Total funding raised: $75M

Overview

Miracor Medical is a private, clinical-stage medical device company pioneering a novel interventional cardiology therapy called Pressure-controlled Intermittent Coronary Sinus Occlusion (PiCSO). The company's lead PiCSO® Impulse System is designed as a first-line adjunct therapy during primary PCI to reduce infarct size and improve outcomes for heart attack patients, targeting a significant unmet need. With FDA IDE approval for a pivotal U.S. study secured in 2022 and a strong, experienced leadership team, Miracor is advancing towards key clinical milestones.
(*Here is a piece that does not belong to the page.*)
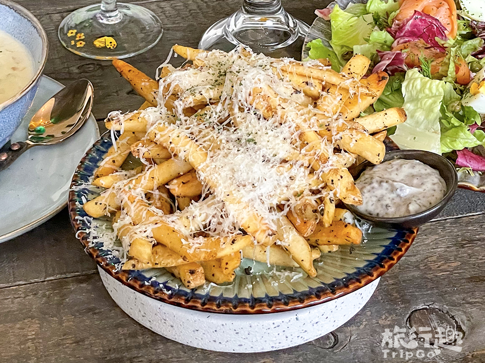 ▼還有因為吃起來實在太爽,來GumGum必點的超人氣商品「松露薯條」,薯條沾滿滿松露醬,吃起來濃郁中帶有松露獨特香氣;重點是重點是!松露醬不夠還能續加,也太爽了吧~

The company is currently pre-revenue, having raised €24 million in 2020 to fund its clinical development programs.

Cardiovascular

Technology Platform

Pressure-controlled Intermittent Coronary Sinus Occlusion (PiCSO) - a catheter-based system that intermittently occludes the coronary sinus to potentially improve microvascular perfusion and reduce infarct size during PCI for acute myocardial infarction.

Funding History

3
Total raised:$75M
Series C$40M
Series B$25M
Series A$10M

Opportunities

The primary opportunity is addressing the large unmet need in STEMI treatment by reducing microvascular obstruction post-PCI, potentially improving long-term outcomes and preventing heart failure.
Success could establish a new standard of care in the multi-billion dollar interventional cardiology market.
Exploring expanded indications for PiCSO could further broaden the addressable patient population.

Risk Factors

Key risks include clinical trial failure, regulatory rejection, and challenges in achieving adoption by interventional cardiologists for a novel procedural adjunct.
The company is pre-revenue and will require significant additional capital to complete development and launch, facing dilution or financing risk.

Competitive Landscape

PiCSO faces competition from other investigational pharmacological and device-based adjunct therapies aimed at reducing reperfusion injury and infarct size. It competes within the broader interventional cardiology device market dominated by large players. Its unique venous system mechanism may provide differentiation, but it must prove superior or complementary efficacy.